Dry Aged Kansas City Strips with Black Button Bourbon-Thyme CremeThe rich smoky decadence of perfectly dry-aged steak napped with the ultimate bourbon sauce.
- Prep Time 45 minutes
- 4 20 oz Dry Aged Prime Kansas City Strips OR
4 20 oz Dry Aged Hand Select Kansas City Strips
- 1.5 cups Black Button Four Grain Bourbon
- 1/4 cup glace de veau mixed with ¼ cup water
- 4T butter
- 2T fresh thyme leaves + ½ t for finishing
- ½ cup heavy cream
- Kosher Salt and Freshly Ground Black Pepper (Kampot Peppercorns)
- Heat oven to 400.
- Season steaks liberally with kosher salt and freshly ground Peugeot Poivre Noir Peppercorns and bring to room temperature for 1 hour on a plate.

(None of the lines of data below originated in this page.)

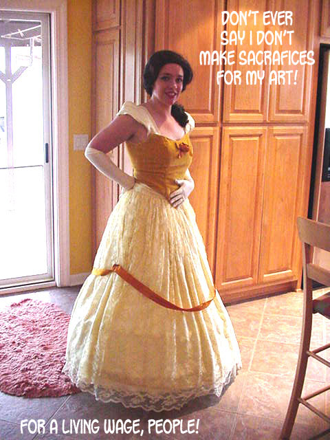 The many costumes of Glych while working at the costume shop.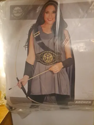 Este disfraz de arquera es perfecto para carnavales o fiestas temáticas. Incluye: capa con capucha, vestido,cinturón y mangas. NUEVOS SIN ESTRENAR TALLA L. Varias unidades misma talla - Diseño inspirado en una cazadora. - Detalles dorados en el cinturón - Capa con capucha integrada.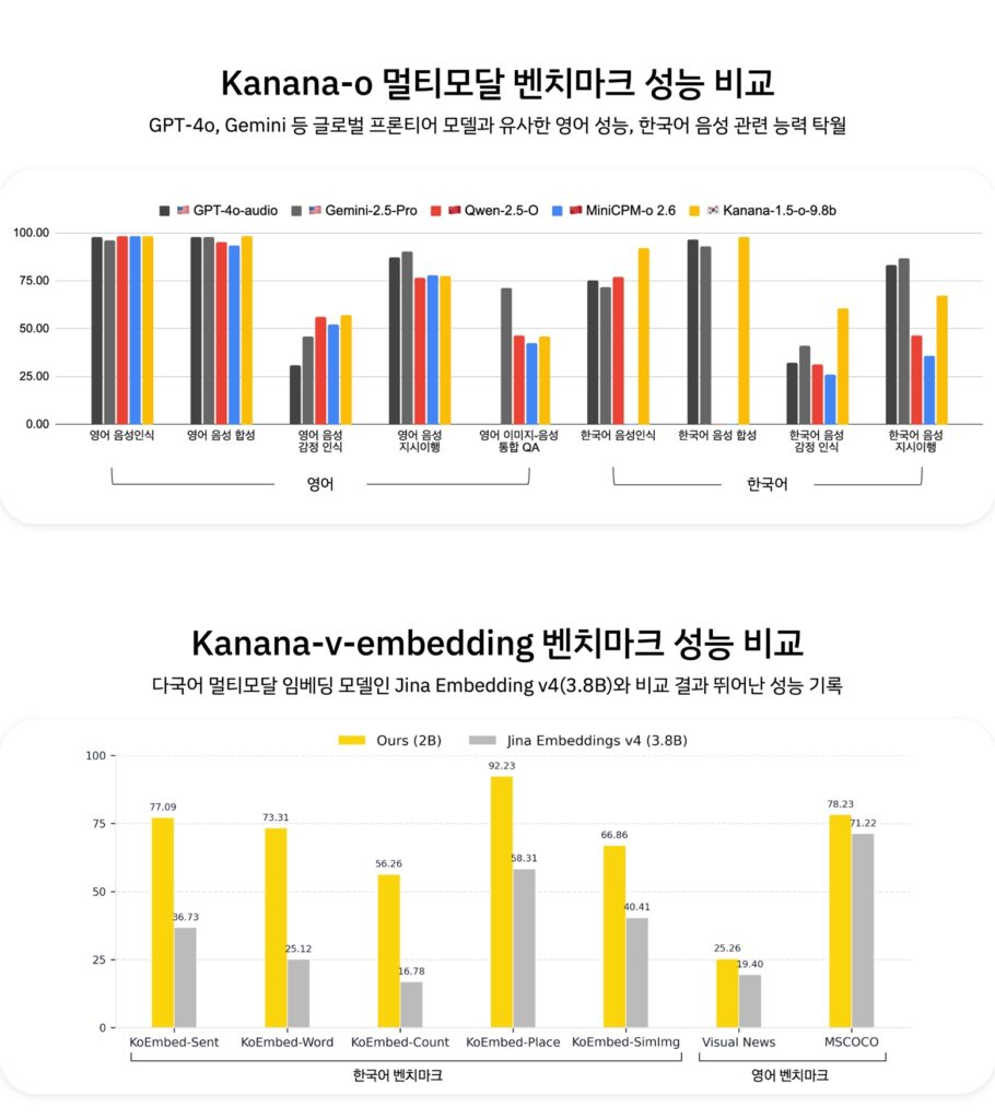 카카오는 12일 테크블로그를 통해 자체 개발한 멀티모달(Multimodal) AI 모델인 ‘Kanana-o(카나나-o)’와 ‘Kanana-v-embedding(카나나-v-임베딩)’의 성능 및 연구 성과를 공개했다.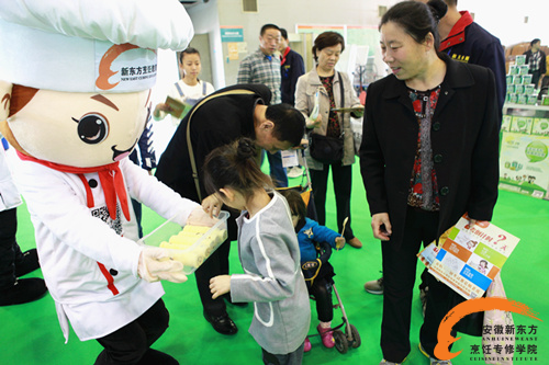 很多观众对西点的制作产生浓厚的兴趣,他们在安徽新东方学生的辅导下现场制作蛋糕,每一个前来体验的观众都开开心心的制作出了属于自己的蛋糕。新东方的吉祥物,小厨神也来到现场啦!他们把快乐和美味分享给大家!
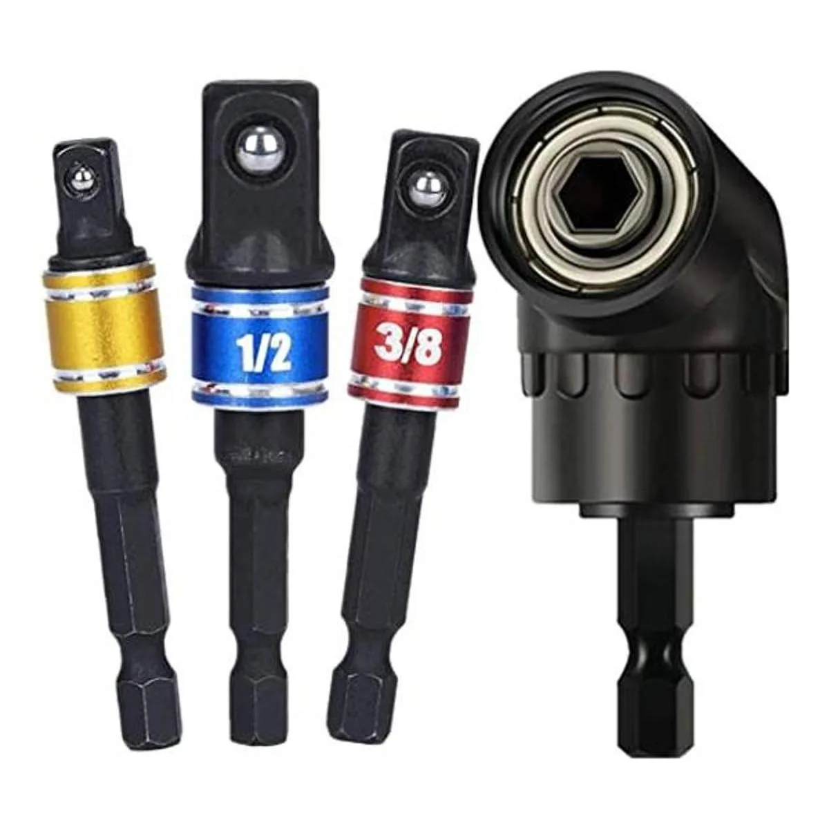 Juego de extensión de adaptador de enchufe de grado impacto, 3 piezas de 14 38 12 pulgadas universal y taladro de ángulo recto de 105 grados, adaptador de enchufe hexagonal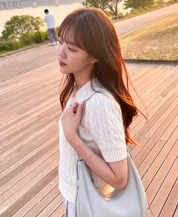 해질녘 감성 자극하는 화이트 니트룩…잔잔한 무드와 부드러운 실루엣의 조화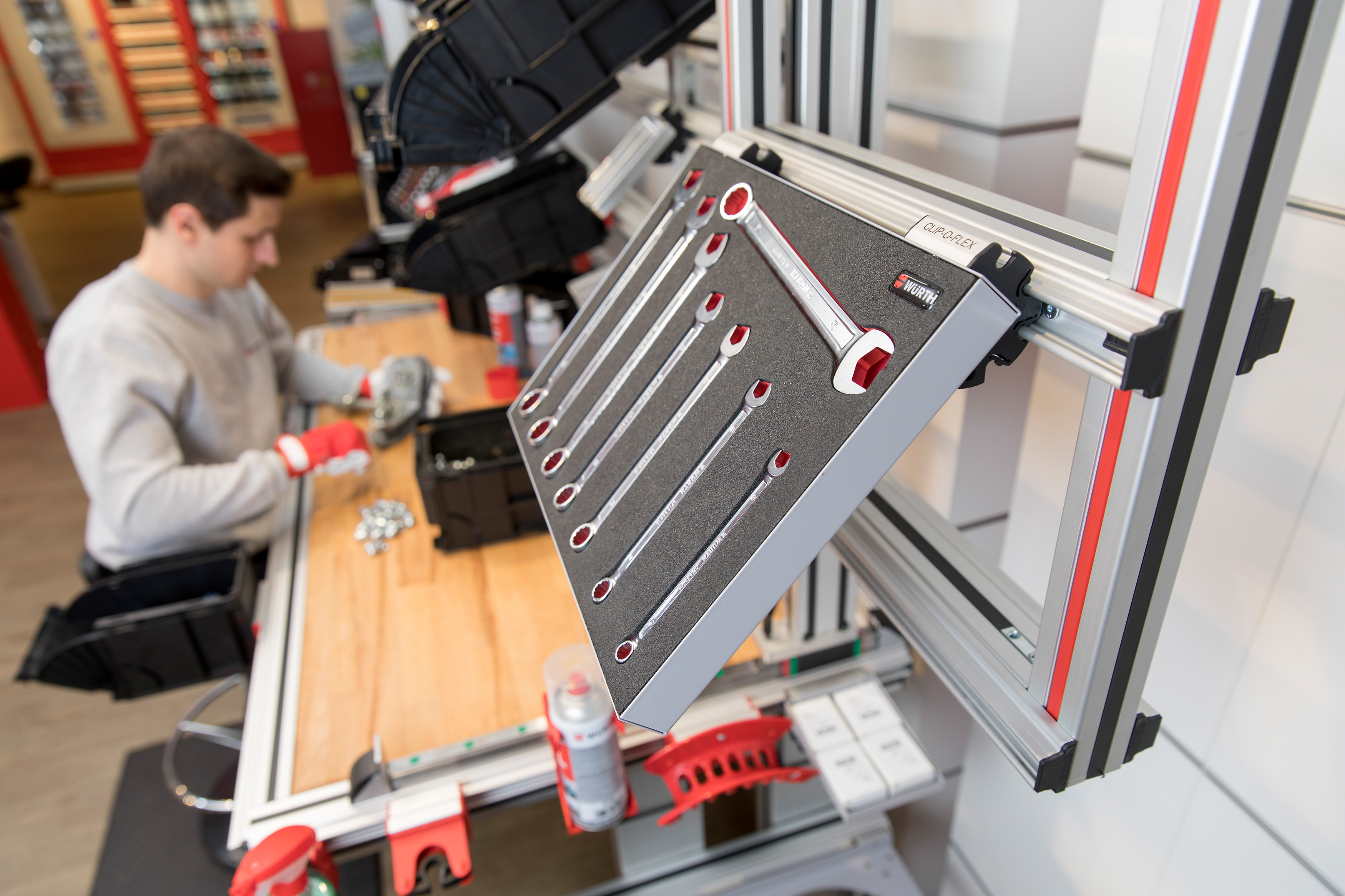 Das Profilsystem WAPS® (Würth Alu-Profilsysteme) ist besonders flexibel einsetzbar, wenn es um die ergonomische und individuelle Gestaltung von Arbeitsplätzen geht.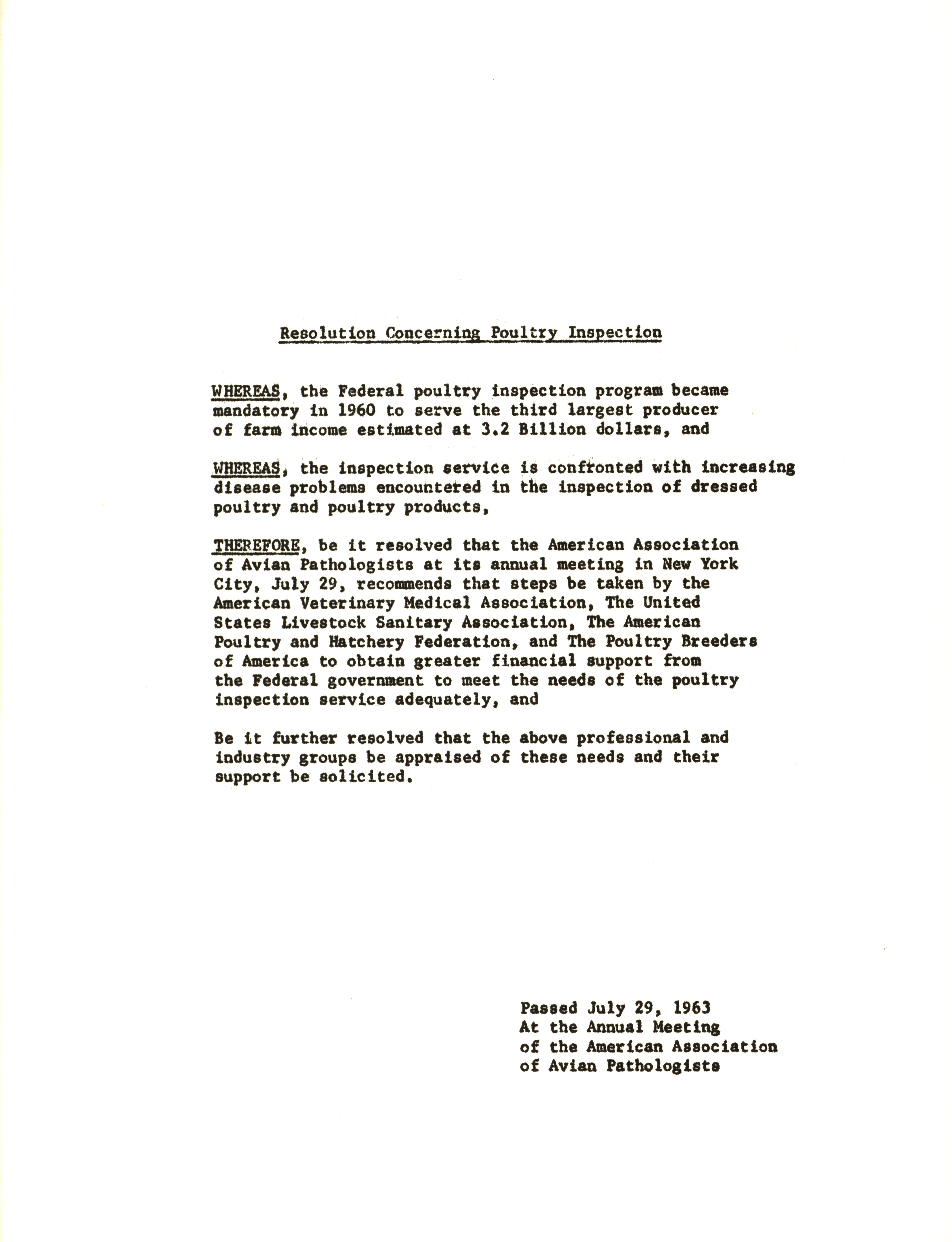 - "Resolution concerning poultry inspection, July 29, 1963", American Association of Avian Pathologists Collection, Iowa State University Library Digital Collections

- Heat your skillet on high until searingly hot. Blot your steaks thoroughly dry.
- Sear for 4 minutes on all sides. Place steaks on rimmed half pan and place in oven to complete cooking. Remove when steaks register 120 in center and allow to rest under tented foil on your cutting board.
- In the meantime, on a high flame, deglaze the pan with the bourbon; watch for flaming, scraping all of the browned bits up. Reduce a bit and add the butter and the glace de veau mixture and simmer for 3 minutes. Whisk occasionally.
- With flame on low add thyme leaves and whisk in cream.
- Add a liberal amount of fresh black pepper; Whisk lightly until sauce is smooth.
- Slice steaks and arrange on a platter, napping the Black Button Bourbon Crème over the top; finish with a sprinkle of thyme leaves, a scattering of Falk Salt Crystal Flakes, and a few grinds of black pepper.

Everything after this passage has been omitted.